#### [WHAT YOU ARE ASKED TO DO]
Images in the data are to be skipped, while every line is restated exactly as written.

━━━━━ RECORDS

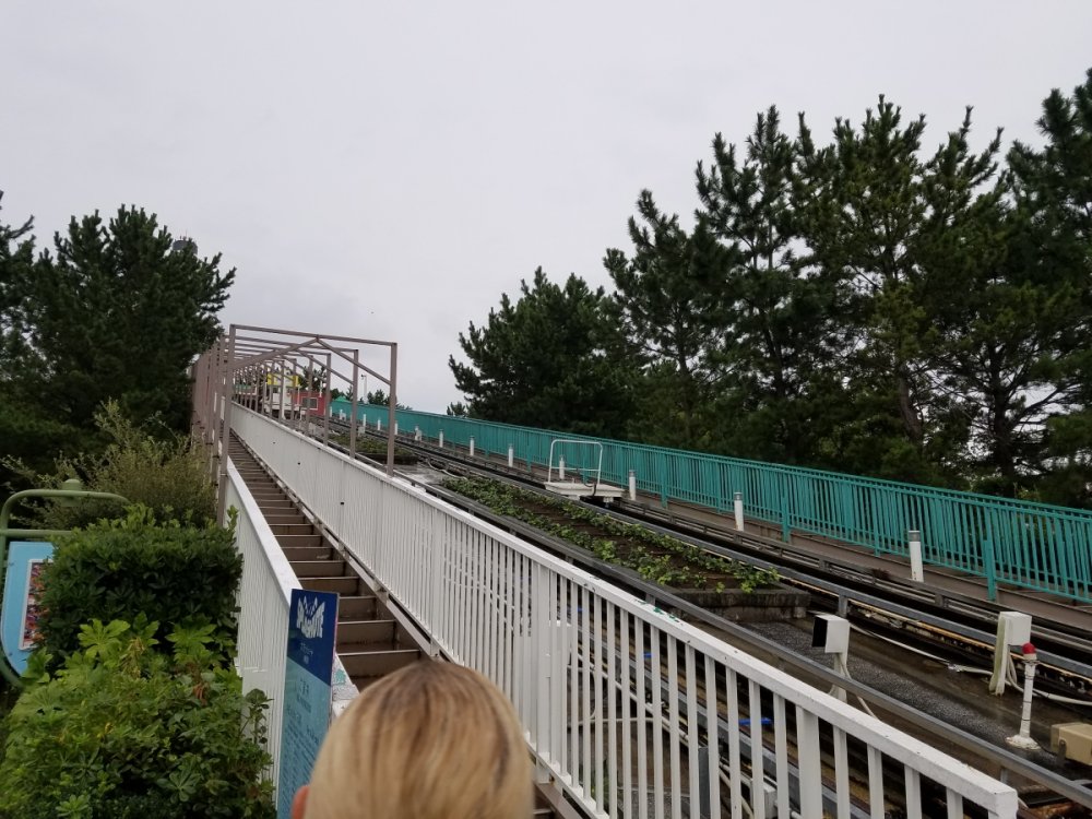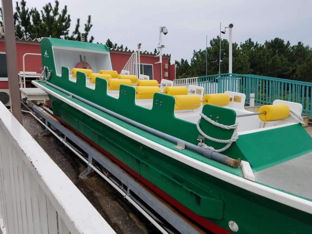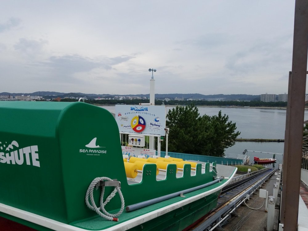 http://www.seaparadise.co.jp/pleasureland/attraction/splashute.html Located at the top of the ride info page with assistance of translation: Kind of a bummer though as it really was the last remaining boat chute rides that many US parks used to have back in the 1900's. It wasn't an intense ride, but was something that had to be ridden because of the history behind it. It wouldn't surprise me if it closed due to popularity as it never had a line when I visited and only ran one side. From my 2017 visit. You had to walk up to the top of the stairs and board the boat between the two ramps. Riders would board the boat, tighten their seatbelt, then a roulette board is spun to determined how wet you would get from the water cannons that would shoot off when you splash at the bottom. An attendant would stand on the front of the boat during the drop and then guide the boat to a separate unloading dock with a pole at the bottom. They would then hook the boat up to a towing system and take it back up to the top of the ramp.
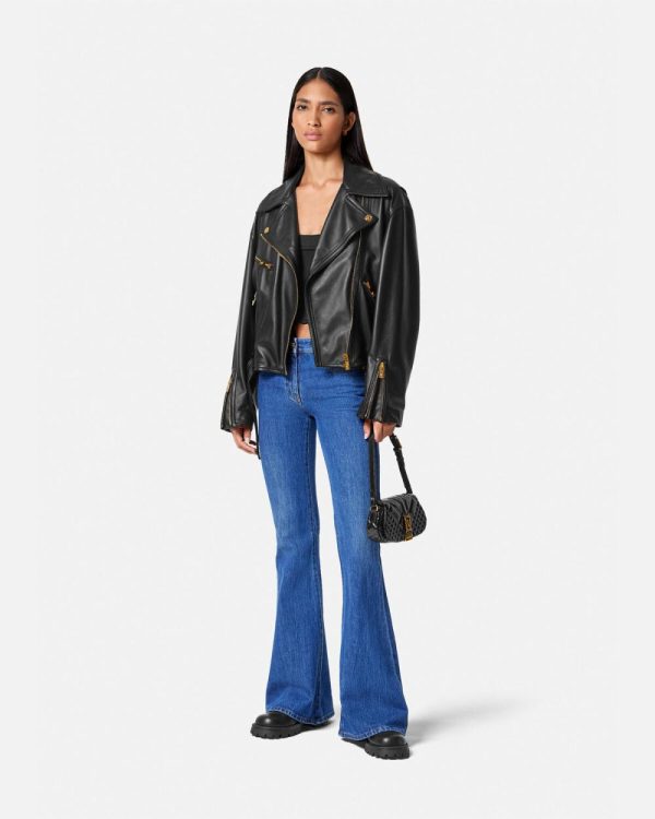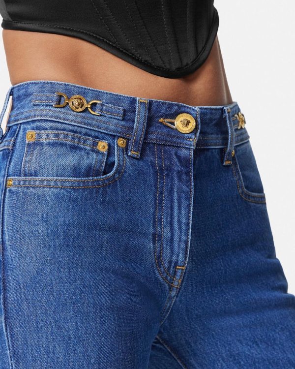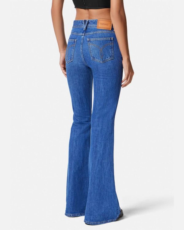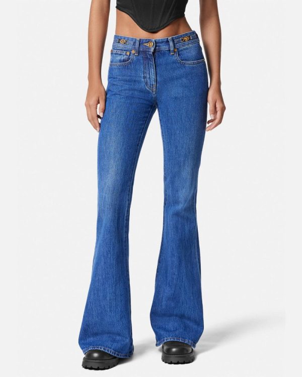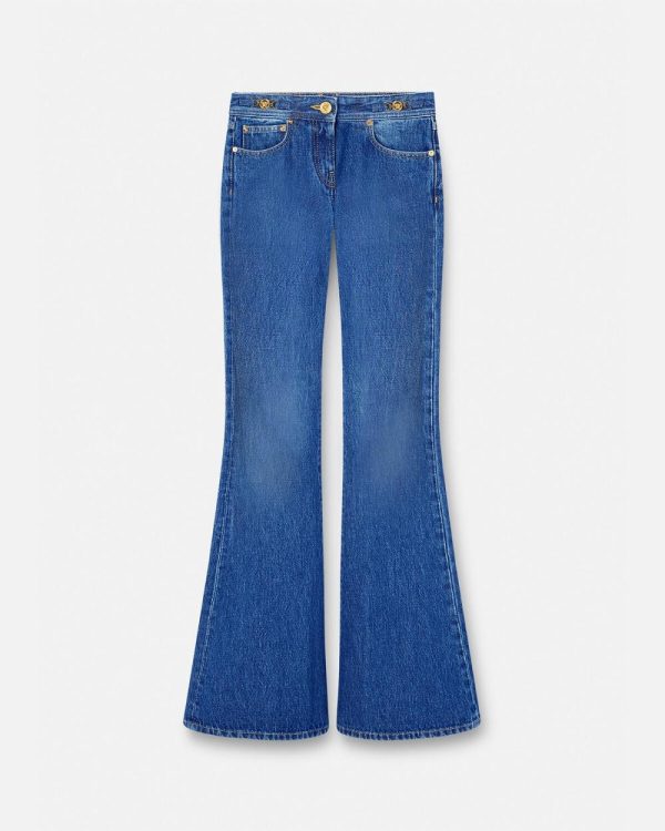Flared denim jeans accented by the Medusa ’95 hardware at the waistband with a five-pocket design.
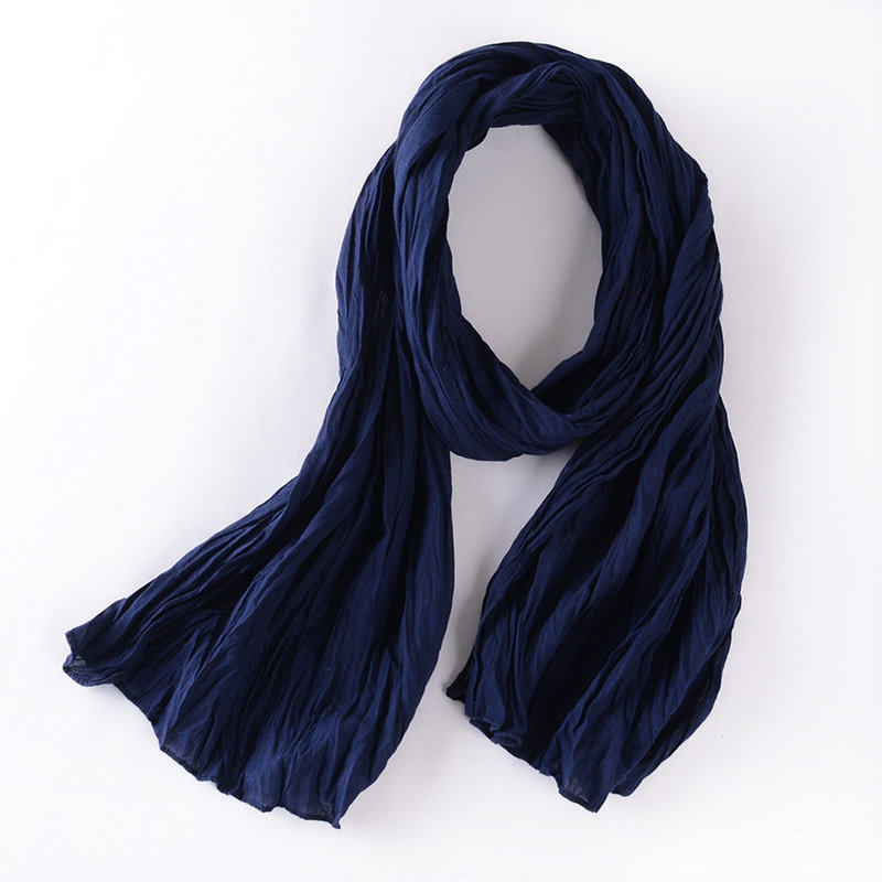 券 2元销量01.5米春夏季纯棉围巾女薄款褶皱全棉细长短款小尺寸围巾棉麻夏天
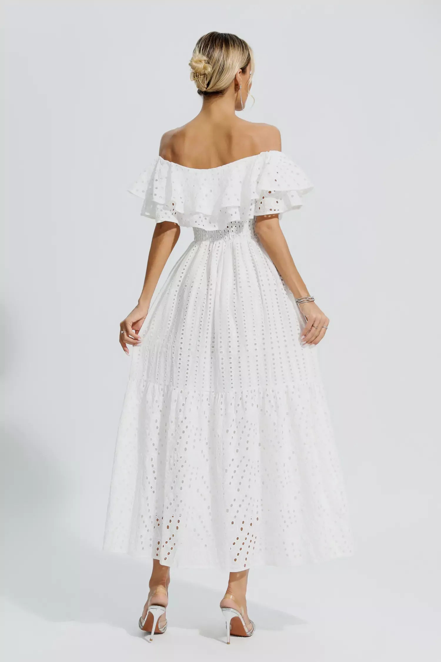 Malani Beyaz Kesim Fırfırlı Maxi Elbise
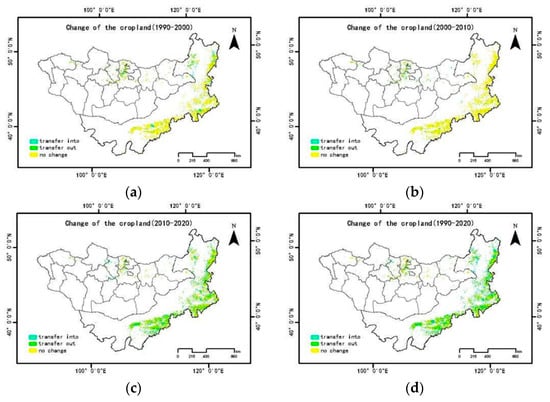 Croplands in Mongolia are mainly distributed in the Selenga River Basin and Valley because of sufficient precipitation and good irrigation conditions. In Inner Mongolia, the croplands are in the central and eastern regions (Figure 8). The total cropland area increased from 1990 to 2000 and from 2015 to 2020. It decreased between 2000 and 2015 (Figure 3e). The largest increase from 2015 to 2020 was 0.52%, and from 2010 to 2015 it was 0.26%. Compared to 1990, the cropland area increased by 5891.68 km2 in 2020. The rate of change over the past 30 years has been 0.16%.
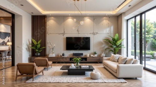 Modern and Elegant Living Room Design with Natural Light and Stylish Furniture in Neutral Tones
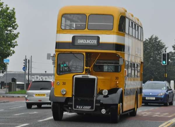 PAX 466F was the last lowbridge double-decker to be built and was bought in 1968 by Bedwas and Machen UDC, a small municipal bus fleet in south Wales. It is a Leyland Titan PD3/4 with bodywork built by Massey of Wigan. Following its sale by B&MUDC's successor, Rhymney Valley District Council, it was operated by Stevensons of Uttoxeter, and subsequently by M K Metro of Milton Keynes. It is preserved in the Stevensons Livery by Cardiff Transport Preservation Group

━━━━━━━━━━

#### [ANSWER SPACE]
 http://www.seaparadise.co.jp/pleasureland/attraction/splashute.html Located at the top of the ride info page with assistance of translation: Kind of a bummer though as it really was the last remaining boat chute rides that many US parks used to have back in the 1900's. It wasn't an intense ride, but was something that had to be ridden because of the history behind it. It wouldn't surprise me if it closed due to popularity as it never had a line when I visited and only ran one side. From my 2017 visit. You had to walk up to the top of the stairs and board the boat between the two ramps. Riders would board the boat, tighten their seatbelt, then a roulette board is spun to determined how wet you would get from the water cannons that would shoot off when you splash at the bottom. An attendant would stand on the front of the boat during the drop and then guide the boat to a separate unloading dock with a pole at the bottom. They would then hook the boat up to a towing system and take it back up to the top of the ramp.
Flared denim jeans accented by the Medusa ’95 hardware at the waistband with a five-pocket design.
 券 2元销量01.5米春夏季纯棉围巾女薄款褶皱全棉细长短款小尺寸围巾棉麻夏天
 Malani Beyaz Kesim Fırfırlı Maxi Elbise
 Croplands in Mongolia are mainly distributed in the Selenga River Basin and Valley because of sufficient precipitation and good irrigation conditions. In Inner Mongolia, the croplands are in the central and eastern regions (Figure 8). The total cropland area increased from 1990 to 2000 and from 2015 to 2020. It decreased between 2000 and 2015 (Figure 3e). The largest increase from 2015 to 2020 was 0.52%, and from 2010 to 2015 it was 0.26%. Compared to 1990, the cropland area increased by 5891.68 km2 in 2020. The rate of change over the past 30 years has been 0.16%.
 Modern and Elegant Living Room Design with Natural Light and Stylish Furniture in Neutral Tones
 PAX 466F was the last lowbridge double-decker to be built and was bought in 1968 by Bedwas and Machen UDC, a small municipal bus fleet in south Wales. It is a Leyland Titan PD3/4 with bodywork built by Massey of Wigan. Following its sale by B&MUDC's successor, Rhymney Valley District Council, it was operated by Stevensons of Uttoxeter, and subsequently by M K Metro of Milton Keynes. It is preserved in the Stevensons Livery by Cardiff Transport Preservation Group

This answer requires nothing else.